A quasi-experimental quality improvement study was conducted to compare the 5-year baseline rates of deep PJIs to a one-year screening and decolonization intervention period. All consecutive patients who underwent primary or revision TJR at one tertiary care hospital in Hamilton, ON, Canada were included in both study periods.
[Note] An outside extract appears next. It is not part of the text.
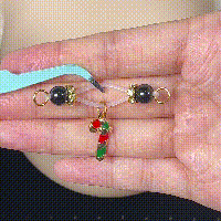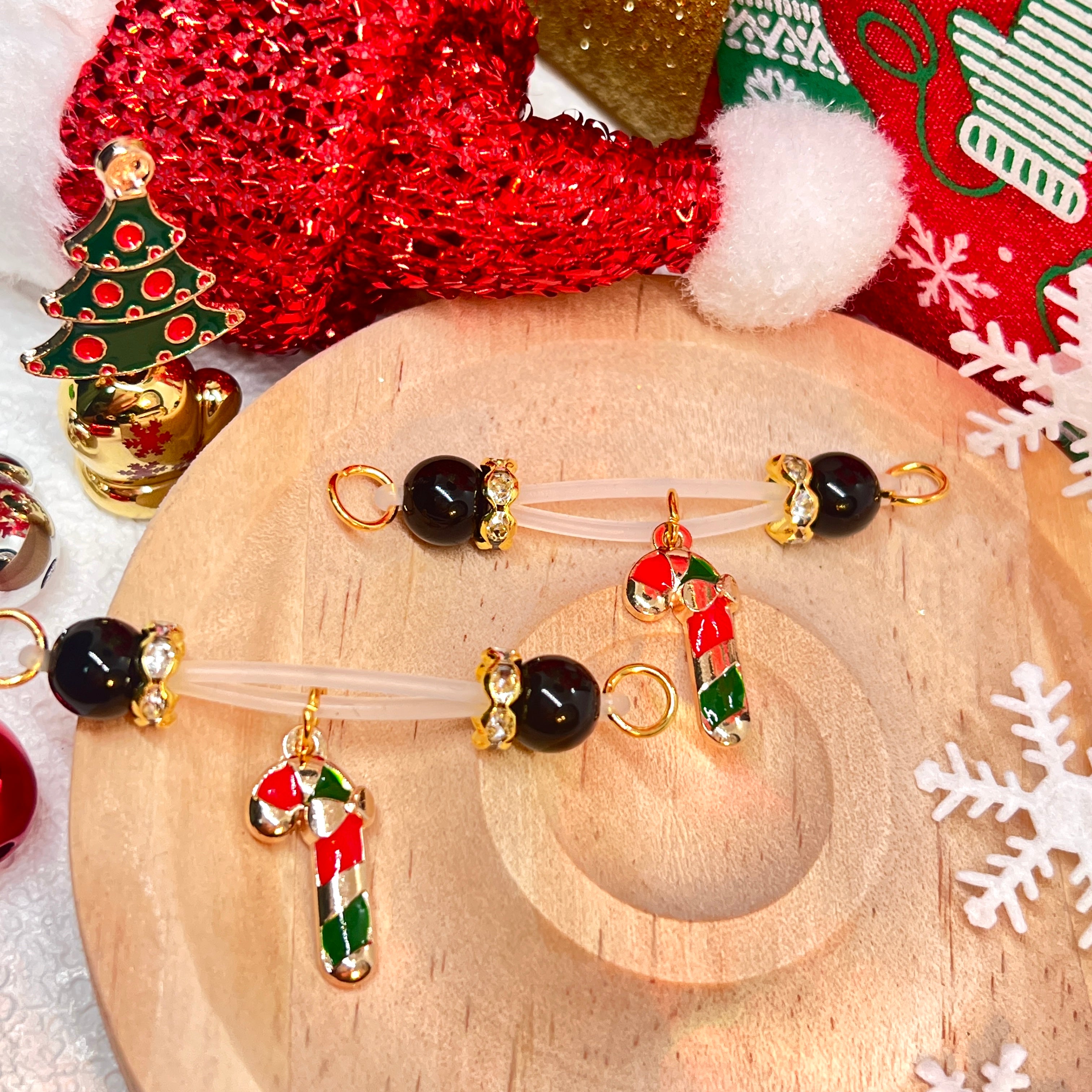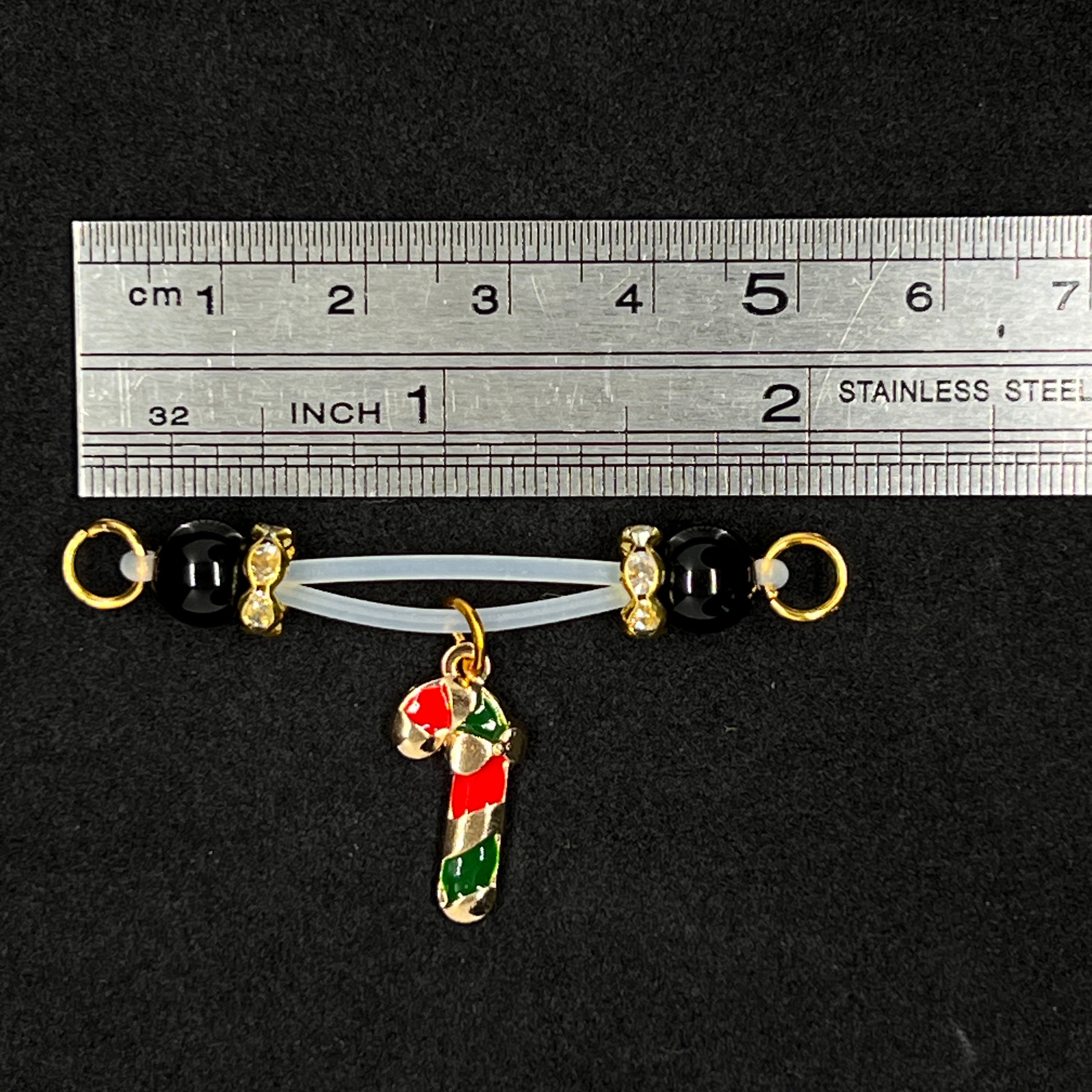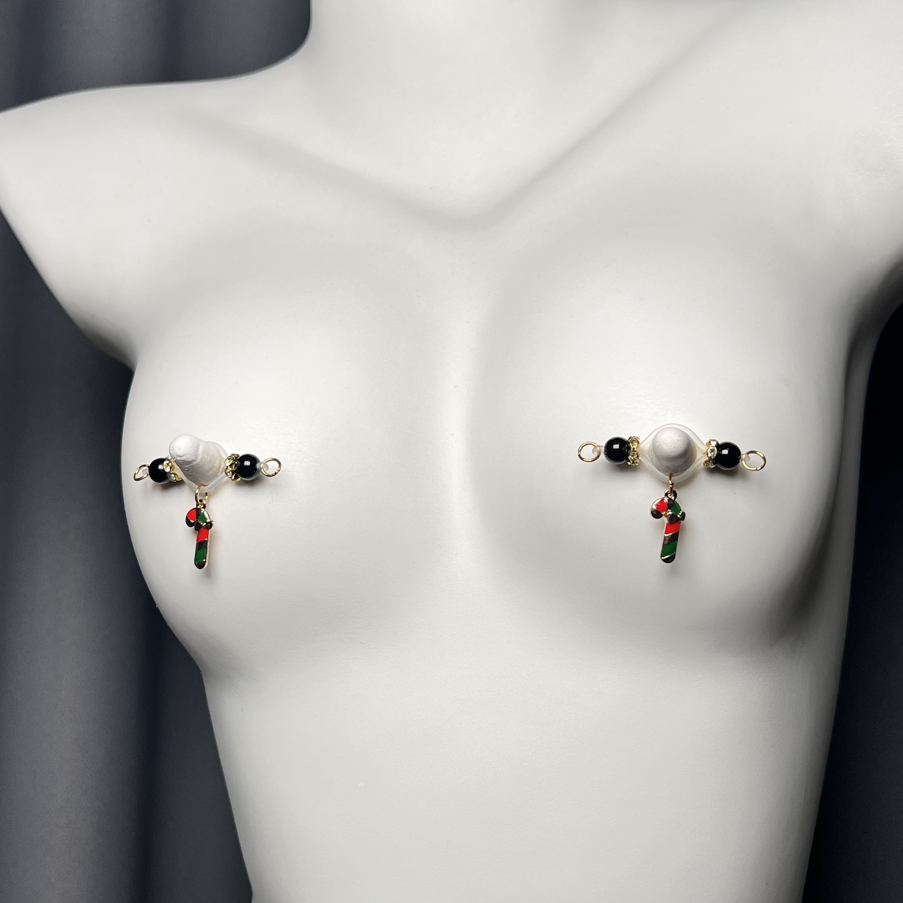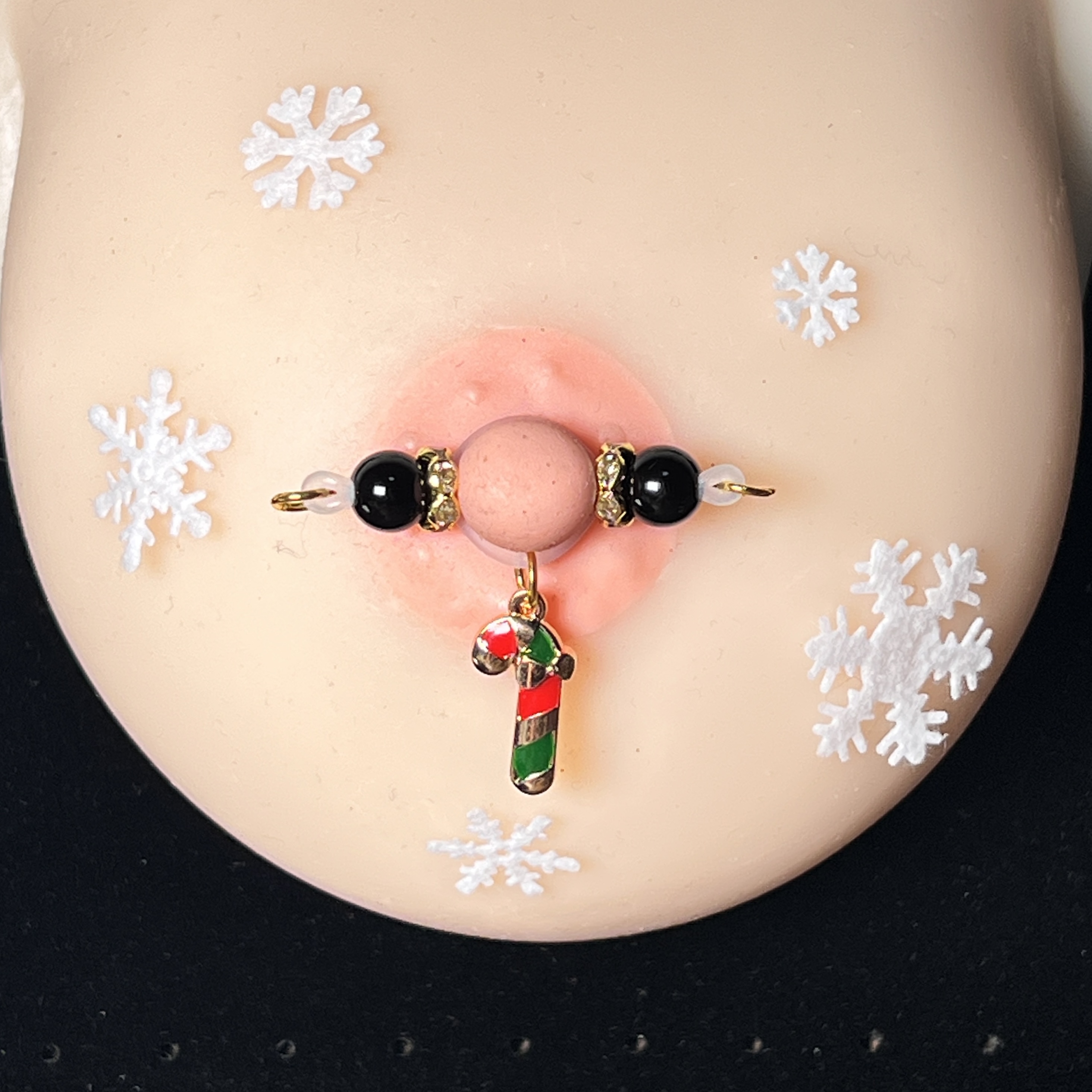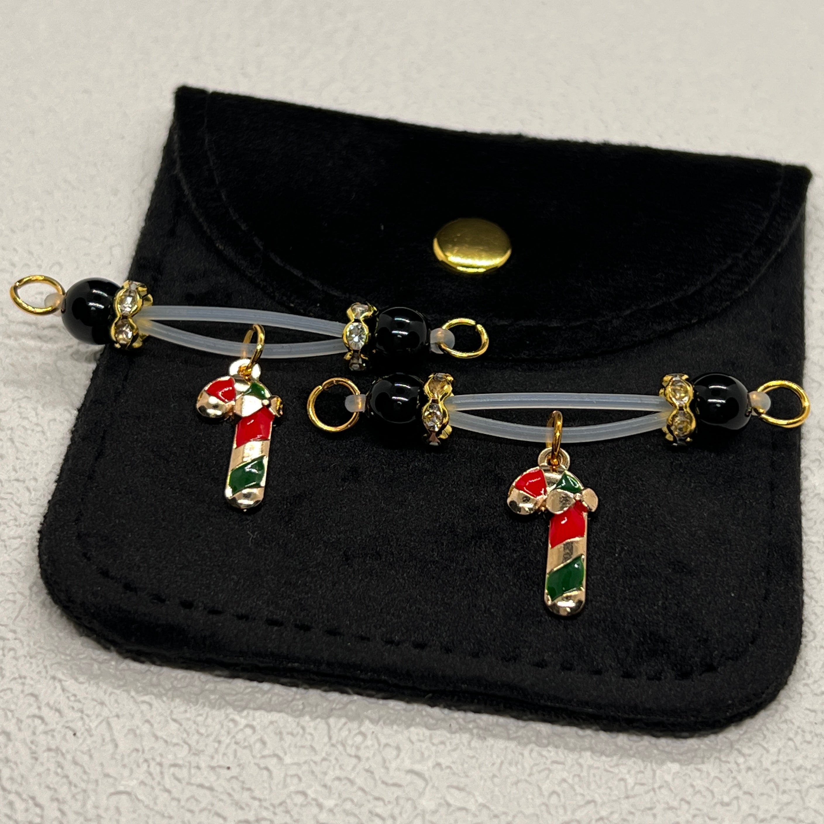 Celebrate the season with these adjustable barbell nipple clamps. Featuring sleek black gemstone beads and an elegant candy cane charm, they blend subtle sophistication with festive spirit. Comfortable, versatile, and eye-catching, these clamps are perfect for personal enjoyment or gifting, adding a refined holiday touch to any ensemble.

Nasal and throat screening for S. aureus carriage of all eligible TJR patients in the preoperative clinic was implemented as standard of care. Patients who tested positive were contacted and provided with details on the S. aureus decolonization protocol. Decolonization included a standardized treatment protocol of 2% intranasal mupirocin twice daily for five days prior to surgery date (excluding day of surgery), and chlorhexidine gluconate wipes (2%) to be used once daily for 4 days prior to surgery date and on the morning of surgery. Regardless of the colonization status at the visit in the preoperative clinic, all patients were re-swabbed on the day of surgery.

Primary outcome of interest was the rate of deep PJI as per CDC/NHSN at one-year postoperative follow-up. Secondary outcomes included rate of deep PJIs due to S. aureus, adherence to the decolonization protocol, proportion of S. aureus carriers successfully decolonized, and the proportion of patients deemed as non-carriers following preoperative swab subsequently identified as carriers on the day of surgery. A total of 8,505 patients were included in the 5-year control group, and 1,883 during the intervention period, of which 424 (22.5%) were identified as S. aureus carriers.

The deep PJI rate was similar in the two groups, 0.4% (7/1,883) in the intervention group and 0.5% (42/8,505) in the control group (OR 0.75, 95%CI 0.34–1.67, p=0.58). More importantly, we found a significant reduction in PJI due to S. aureus to only one case in the intervention period (0.05%) as compared to 29 cases (0.3%) in the historic control (OR 0.15, 95%CI 0.004–0.94, p=0.0376).

We found a significant reduction in PJIs due to S. aureus by decolonizing S. aureus carriers prior to surgery. However, no significant difference in overall infection rates was observed. In conclusion, routine implementation of active screening for S. aureus and decolonization of carriers before TJR is feasible and helps to reduce PJI due to S. aureus.